In a recent interview with a French radio station, Russian Foreign Minister Sergei Lavrov indicated that the current momentum was part of the Kremlin’s newly focused aim. “Our obvious objective is, of course, to push the Ukrainian army and the Ukrainian battalions out of the Donetsk and Luhansk regions,” he said, amid rising fears among Western officials that Russia intends to annex territory in Donbas and Kherson, a region abutting already annexed Crimea.

The Russian advance has been characterized by the same brutality and relentlessness of previous offensives. Observers report similar tactics to those deployed in the conquest of the port city of Mariupol, with endless days and nights of artillery fire and missile strikes pulverizing urban areas.

“They’re just raining down metal on us,” a Ukrainian soldier wounded in the fighting told my colleagues. Eyewitnesses spoke of the stench of death stalking the streets as early summer temperatures rise.

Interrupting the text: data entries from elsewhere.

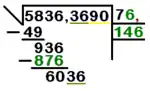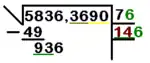 - Paso 5: El procedimiento es el mismo que anteriormente. El resultado de la operación anterior (876) se coloca debajo del número procedente de la resta anterior (936) y se restan. Al resultado de la resta (60) se le añade el siguiente grupo de cifras del radical (en este caso, 36). Si el siguiente grupo está después de la coma decimal se agrega una coma decimal al número de la raíz. El nuevo número obtenido es 6036.
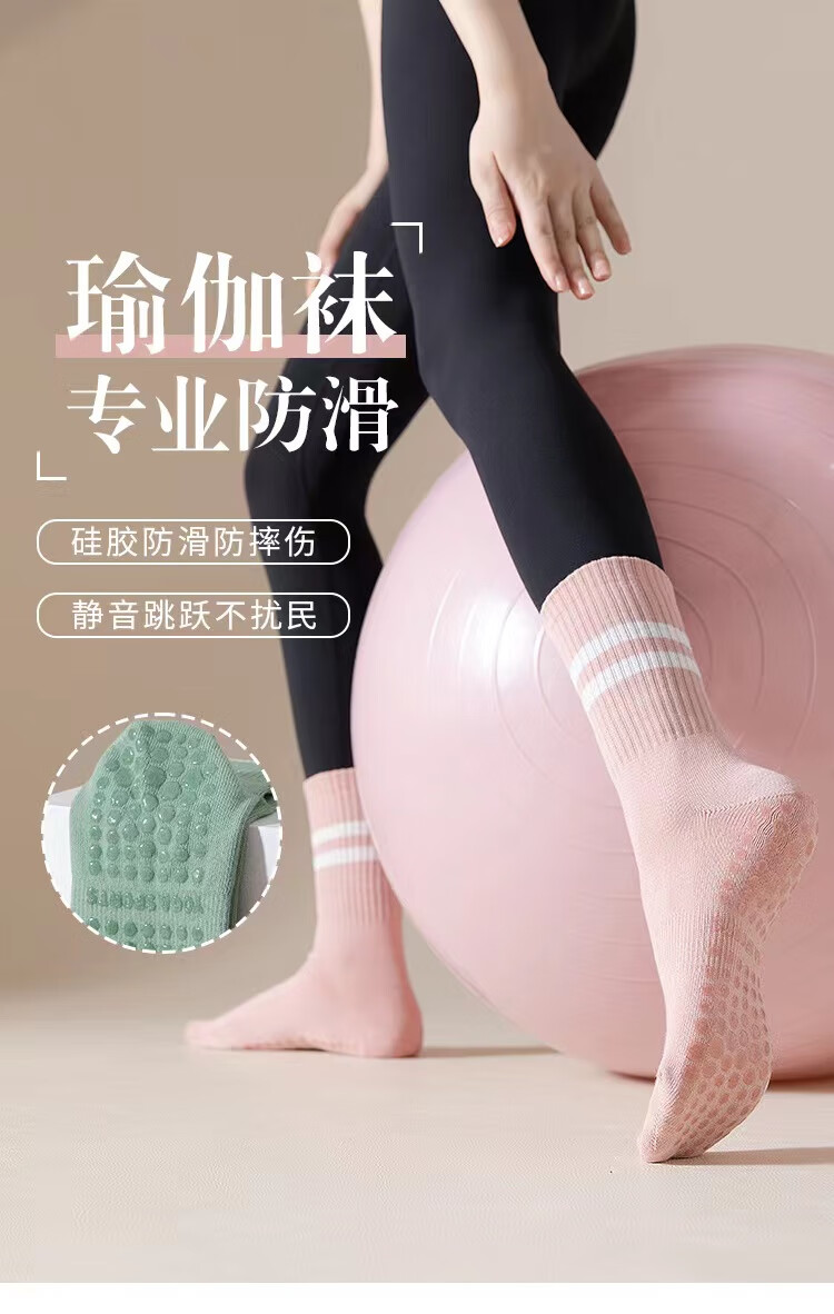 Yunxiang Sihai Yoga Socks Women's Non-Slip Fitness Dance Pilates Sports Socks Large Size Summer Mid-Tube Floor Socks Cotton Mid-Tube - Gray
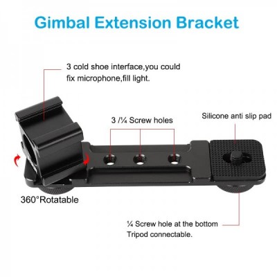 PellKing 트리플 콜드 슈 연장 바, GoPro, 짐벌, 삼각대, 모노포드 OSMO Zhiyun Feiyu Stabilizer와 호환되는 1/4어댑터가 있는 마이크 마운트 연장 바 브래킷

The Russians “use the same tactics over and over again. They shell for several hours — for three, four, five hours — in a row and then attack,” Luhansk’s regional governor, Serhiy Haidai, told Reuters. “Those who attack die. Then shelling and attack follow again, and so on until they break through somewhere.”

Ukrainian volunteer fighters in the east feel abandoned

The enduring misery of the battlefield underlies a tilting strategic landscape. “The situation in the country’s east marks a shift from an earlier stage of the war, when staunch Ukrainian defenses forced a broad Russian retreat in Kyiv and other areas, increasing confidence among Ukrainians and their Western backers about the prospects of all-out victory over a poorly organized and equipped Russian force,” my colleagues Siobhán O’Grady, Paul Sonne, Max Bearak and Anastacia Galouchka reported.

“Having now regrouped, Russian troops are making incremental but steady progress in their campaign in the east and are regularly employing heavy flamethrowers and long-range artillery that Ukrainian forces lack, leaving Kyiv on the back foot,” they wrote. “Though Ukrainian resistance has made the fight a slog for Russian forces, Moscow is inching closer to encircling Ukraine’s biggest strongholds in Donbas region, while fighting on territory contiguous to Russia with easier supply lines.”

Moscow appears to have learned from its initial blunders. “The recent Russian gains appear at least in part to be the products of past Ukrainian success,” noted Bloomberg News. “By mounting so effective a defense that Russian commanders had to withdraw from around the country’s two largest cities — Kyiv and Kharkiv — Ukraine also drove them to abandon a wildly over-ambitious battle plan that had left their troops thinly spread and too far from logistical lifelines.”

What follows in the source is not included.